Seit über 50
Jahren ungewöhnlich aktiv
von Rainer Kayser
23. Oktober 2003
Einem Team aus finnischen und deutschen Wissenschaftlern ist es mit
Hilfe eines Tricks und des grönländischen Eises gelungen, die Zahl der
Sonnenflecken - und damit die Aktivität der Sonne - bis in das neunte
Jahrhundert zu rekonstruieren. Das überraschende Ergebnis: Noch nie zeigte
die Sonne in den letzten 1150 Jahren so viele Flecken wie seit 1940.
Die Sonne (hier am 25. Juni 2003): Seit 1940 ungewöhnlich aktiv.
Foto:
ESA/NASA/SOHO |
Bohrkerne aus dem ewigen Eis von Grönland und der Antarktis belegen,
dass unsere Sonne seit 60 Jahren ungewöhnlich aktiv ist. Das berichtet
jetzt ein Team finnischer und deutscher Forscher, die aus den
Ablagerungen des Isotops Beryllium-10 in dem Eis die Anzahl der
Sonnenflecken bis in das neunte Jahrhundert zurück ermittelt haben. In
dem gesamten von ihrer Untersuchung abgedeckten Zeitraum von 1150 Jahren
zeigte die Sonne niemals so viele Flecken wie seit 1940.

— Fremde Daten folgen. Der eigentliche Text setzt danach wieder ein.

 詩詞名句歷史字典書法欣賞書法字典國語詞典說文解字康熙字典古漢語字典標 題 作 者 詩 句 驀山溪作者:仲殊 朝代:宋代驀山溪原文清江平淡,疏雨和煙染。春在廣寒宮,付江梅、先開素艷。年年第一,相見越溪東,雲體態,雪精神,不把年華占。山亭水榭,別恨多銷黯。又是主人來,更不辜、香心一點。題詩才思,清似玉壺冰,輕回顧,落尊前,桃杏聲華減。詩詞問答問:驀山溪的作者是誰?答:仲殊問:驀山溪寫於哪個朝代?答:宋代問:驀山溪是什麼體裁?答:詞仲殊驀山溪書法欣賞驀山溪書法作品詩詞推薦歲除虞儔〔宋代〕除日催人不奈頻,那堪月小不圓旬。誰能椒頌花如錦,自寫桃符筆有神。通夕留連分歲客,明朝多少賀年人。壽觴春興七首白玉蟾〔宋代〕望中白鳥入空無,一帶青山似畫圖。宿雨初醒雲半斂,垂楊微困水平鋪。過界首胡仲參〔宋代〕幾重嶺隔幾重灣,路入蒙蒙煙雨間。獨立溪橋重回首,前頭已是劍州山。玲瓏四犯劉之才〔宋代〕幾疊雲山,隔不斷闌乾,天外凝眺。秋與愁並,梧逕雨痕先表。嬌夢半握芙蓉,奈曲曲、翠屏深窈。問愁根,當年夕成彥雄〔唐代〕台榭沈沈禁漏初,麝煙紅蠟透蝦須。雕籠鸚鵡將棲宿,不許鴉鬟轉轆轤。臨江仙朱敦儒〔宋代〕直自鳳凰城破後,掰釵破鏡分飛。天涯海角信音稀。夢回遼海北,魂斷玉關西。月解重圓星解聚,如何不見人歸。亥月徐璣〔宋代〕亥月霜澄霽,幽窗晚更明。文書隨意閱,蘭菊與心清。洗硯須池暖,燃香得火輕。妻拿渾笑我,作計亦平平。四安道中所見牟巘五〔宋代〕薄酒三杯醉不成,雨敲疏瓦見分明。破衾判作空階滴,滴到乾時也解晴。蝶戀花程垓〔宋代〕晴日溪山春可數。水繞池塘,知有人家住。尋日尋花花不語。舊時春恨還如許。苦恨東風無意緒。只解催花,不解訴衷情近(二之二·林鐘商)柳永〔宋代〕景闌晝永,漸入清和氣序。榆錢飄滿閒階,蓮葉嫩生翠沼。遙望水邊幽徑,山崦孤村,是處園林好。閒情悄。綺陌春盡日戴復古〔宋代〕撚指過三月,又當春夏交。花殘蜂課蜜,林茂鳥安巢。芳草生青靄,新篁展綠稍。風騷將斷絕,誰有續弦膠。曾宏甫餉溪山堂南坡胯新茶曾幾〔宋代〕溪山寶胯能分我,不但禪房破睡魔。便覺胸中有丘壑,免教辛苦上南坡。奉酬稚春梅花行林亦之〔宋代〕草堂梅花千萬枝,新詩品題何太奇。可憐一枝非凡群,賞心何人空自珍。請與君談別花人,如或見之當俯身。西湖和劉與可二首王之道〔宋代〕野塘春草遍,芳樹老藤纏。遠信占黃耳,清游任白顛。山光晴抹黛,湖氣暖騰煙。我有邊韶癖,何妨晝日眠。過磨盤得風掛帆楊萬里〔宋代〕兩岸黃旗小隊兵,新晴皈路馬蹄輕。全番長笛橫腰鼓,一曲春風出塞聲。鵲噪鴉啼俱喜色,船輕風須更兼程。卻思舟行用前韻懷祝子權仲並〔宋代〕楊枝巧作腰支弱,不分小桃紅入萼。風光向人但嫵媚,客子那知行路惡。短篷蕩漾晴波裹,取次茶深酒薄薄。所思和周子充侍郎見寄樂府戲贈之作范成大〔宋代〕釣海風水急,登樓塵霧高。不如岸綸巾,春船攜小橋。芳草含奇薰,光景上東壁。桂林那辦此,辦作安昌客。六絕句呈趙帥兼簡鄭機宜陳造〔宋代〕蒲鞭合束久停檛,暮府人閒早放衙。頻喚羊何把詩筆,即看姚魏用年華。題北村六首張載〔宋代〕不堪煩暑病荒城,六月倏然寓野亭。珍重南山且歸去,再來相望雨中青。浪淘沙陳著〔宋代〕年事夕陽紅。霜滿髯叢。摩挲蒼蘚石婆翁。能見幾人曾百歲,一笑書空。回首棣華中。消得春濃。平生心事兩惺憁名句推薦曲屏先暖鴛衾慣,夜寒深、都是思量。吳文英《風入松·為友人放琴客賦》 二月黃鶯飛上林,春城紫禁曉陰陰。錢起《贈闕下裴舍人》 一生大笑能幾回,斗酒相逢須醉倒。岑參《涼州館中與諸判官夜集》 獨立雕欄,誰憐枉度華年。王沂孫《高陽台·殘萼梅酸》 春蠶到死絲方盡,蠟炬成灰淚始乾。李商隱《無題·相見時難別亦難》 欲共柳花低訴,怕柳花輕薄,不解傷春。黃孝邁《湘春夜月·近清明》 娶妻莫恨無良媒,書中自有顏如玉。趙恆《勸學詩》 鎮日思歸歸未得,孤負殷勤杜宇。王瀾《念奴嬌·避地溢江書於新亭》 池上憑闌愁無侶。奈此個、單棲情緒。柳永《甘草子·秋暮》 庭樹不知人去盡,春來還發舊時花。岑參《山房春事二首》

Die Aktivität der Sonne - Sonnenflecken, Protuberanzen und koronale
Massenauswürfe - unterliegt vielfachen Schwankungen. So variiert die
Anzahl der Flecken mit dem elfjährigen magnetischen Zyklus der Sonne. Es
ist daher schwierig, Aussagen über langfristige Tendenzen der
Sonnenaktivität zu machen. Auf Basis direkter Beobachtungen lässt sich
die Anzahl der Sonnenflecken lediglich bis 1610 zurückverfolgen, bis zu
den ersten Sonnenbeobachtungen durch Galileo Galilei.
Doch die Sonnenaktivität lässt sich auch auf indirekte Weise messen.
Eine magnetisch aktivere Sonne nämlich führt zu einer stärkeren Abwehr
der von außen in das Sonnensystem eindringenden kosmischen Strahlung.
Dadurch sinkt die Produktion von Beryllium-10-Atomen in der
Erdatmosphäre durch die hochenergetischen Teilchen der kosmischen
Strahlung. Beryllium-10 lagert sich auf der Erde ab - und diese
Ablagerungen sind unverfälscht im Eis der Antarktis und Grönlands
erhalten.
Auf diese Weise konnten Ilya Usoskin und seine Kollegen von der
Universität Oulo in Finnland und dem Max-Planck-Institut für Aeronomie
in Katlenburg-Lindau die Sonnenaktivität bis zurück in das Jahr 850
bestimmen. Ihre Analyse ist auch für die Klimaforscher von Interesse:
Seit langem ist heftig umstritten, welchen Einfluss die Sonne auf die in
den letzten Jahrzehnten beobachtete globale Erwärmung hat.